Instead, use mineral spirits, 0000 steel wood, and elbow grease. It's not particularly fast, but it will remove the finish, clean the wood, and leave the stain in place and the surface smooth, perfect for finishing. Linseed oil has been used for centuries, and it works, but to get a good result it requires the patience of Job. You see, linseed oil never really dries. Yes, it'll get to the point where it feels dry, but it takes forever to get there. You will grow impatient and add another coat too soon, the #1 mistake amateur stock refinishers make. Then, you'll decide that it needs more work and you will only compound your mistakes.

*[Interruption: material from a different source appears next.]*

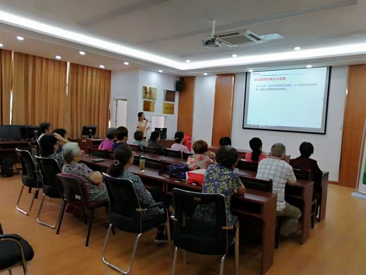 2018年9月11日上午老年大学老师为居民讲解“肠道健康与益生菌”的养生知识,帮助居民认识我们的身体器官“肠道”并教导如何利用益生菌保持肠道健康。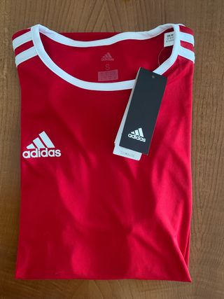 T-shirt desportiva Adidas em vermelho. - Gola redonda com detalhes brancos. - Logo Adidas em branco no peito. - Detalhes de riscas brancas nas mangas.

Much better is to use Tru Oil. After you've cleaned the stock, let it sit for a couple of days so that all the mineral spirits evaporate. Buff the wood one more time with the steel wool. Then, apply the Tru Oil a tiny bit at a time, using only your clean fingers. By tiny, I mean no more than a few drops, rubbed in until it feels dry. It isn't dry, but it will be pretty soon. Once it is, buff again with the steel wool, apply another coat. Let it dry. Buff again. Repeat until done.

It may take 3 coats, it may take 30, but eventually you will have every pore, nook and cranny filled as they should be. If you buff it one final time, you will have a durable finish that looks like the old hand-rubbed oil finishes; if you don't buff it that final time, it'll be a glossy finish.

If you think I am making it sound like there is no real shortcut in stock finishing, you are correct; but Tru Oil dries at least 10 times faster than linseed oil, and that means you can get superb results in days rather than weeks.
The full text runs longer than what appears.